What is being asked:
Copy the data verbatim and leave out every picture.

── Data provided ──

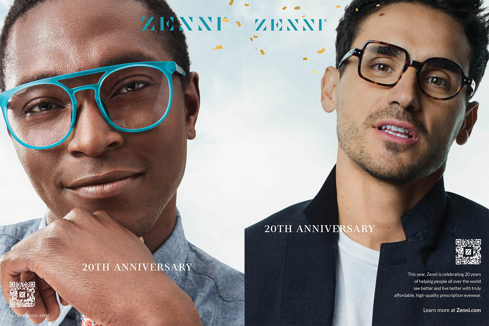 To mark Zenni’s 20th anniversary and their milestone of 50 million pairs sold, we partnered with the brand to develop a series of creative campaigns and redesigned print ads. The new look, which appeared in Hemispheres magazine, was minimalistic and sophisticated.
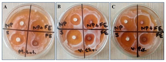 The zones of inhibition were measured to assess the antimicrobial potential of CaONPs, fruit extracts of C. colocynthis, and their synergistic solution. To prevent contaminations, all the procedures were carried out in a laminar flow (ESCO® Changi, Singapore). In all petri dishes, about 10 mL of PDA solution was poured and allowed to solidify for 2 h. After the PDA was solidified, a cork borer of 5 mm was used to dig the wells. About 2 mL of standard control and 2 mL of test solutions at different concentrations were poured into separate wells of the petri plates. The streak method was used to inoculate the microbial cultures. After the inoculation, all the plates were left in an incubator at 37 °C for 48 h and then the zones of inhibition (a clear area with no microbial growth) were measured. All the experiments were set up in triplicate.
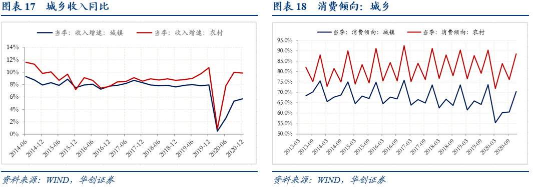 消费倾向有所恢复,但目前仍低于往年。2020年,四季度城镇消费倾向为70.5%,低于2019年四季度的73.7%,差距为3.3个百分点。这一差距在缩小中,2020三季度差距为3.7个百分点。农村情况类似。2020年,单四季度农村消费倾向为88.6%,低于2019年四季度的90.4%。差距在1.8个百分点。2020年三季度的差距为3.0个百分点。
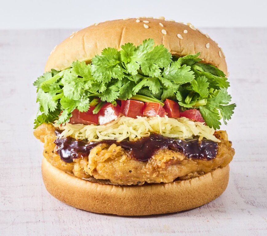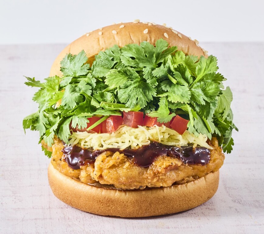 新作バーガー部門で1位を獲得した「パクチーチキンバーガー カオマンガイ」は、タイの屋台料理として親しまれるカオマンガイをバーガースタイルで表現した一品だ。店内調理のジューシーなクリスピーチキンに、甜麺醤をベースにコチュジャン、オイスターソースを合わせたオリジナルソースを使用した。

───

Task solution:
 To mark Zenni’s 20th anniversary and their milestone of 50 million pairs sold, we partnered with the brand to develop a series of creative campaigns and redesigned print ads. The new look, which appeared in Hemispheres magazine, was minimalistic and sophisticated.
 The zones of inhibition were measured to assess the antimicrobial potential of CaONPs, fruit extracts of C. colocynthis, and their synergistic solution. To prevent contaminations, all the procedures were carried out in a laminar flow (ESCO® Changi, Singapore). In all petri dishes, about 10 mL of PDA solution was poured and allowed to solidify for 2 h. After the PDA was solidified, a cork borer of 5 mm was used to dig the wells. About 2 mL of standard control and 2 mL of test solutions at different concentrations were poured into separate wells of the petri plates. The streak method was used to inoculate the microbial cultures. After the inoculation, all the plates were left in an incubator at 37 °C for 48 h and then the zones of inhibition (a clear area with no microbial growth) were measured. All the experiments were set up in triplicate.
 消费倾向有所恢复,但目前仍低于往年。2020年,四季度城镇消费倾向为70.5%,低于2019年四季度的73.7%,差距为3.3个百分点。这一差距在缩小中,2020三季度差距为3.7个百分点。农村情况类似。2020年,单四季度农村消费倾向为88.6%,低于2019年四季度的90.4%。差距在1.8个百分点。2020年三季度的差距为3.0个百分点。
 新作バーガー部門で1位を獲得した「パクチーチキンバーガー カオマンガイ」は、タイの屋台料理として親しまれるカオマンガイをバーガースタイルで表現した一品だ。店内調理のジューシーなクリスピーチキンに、甜麺醤をベースにコチュジャン、オイスターソースを合わせたオリジナルソースを使用した。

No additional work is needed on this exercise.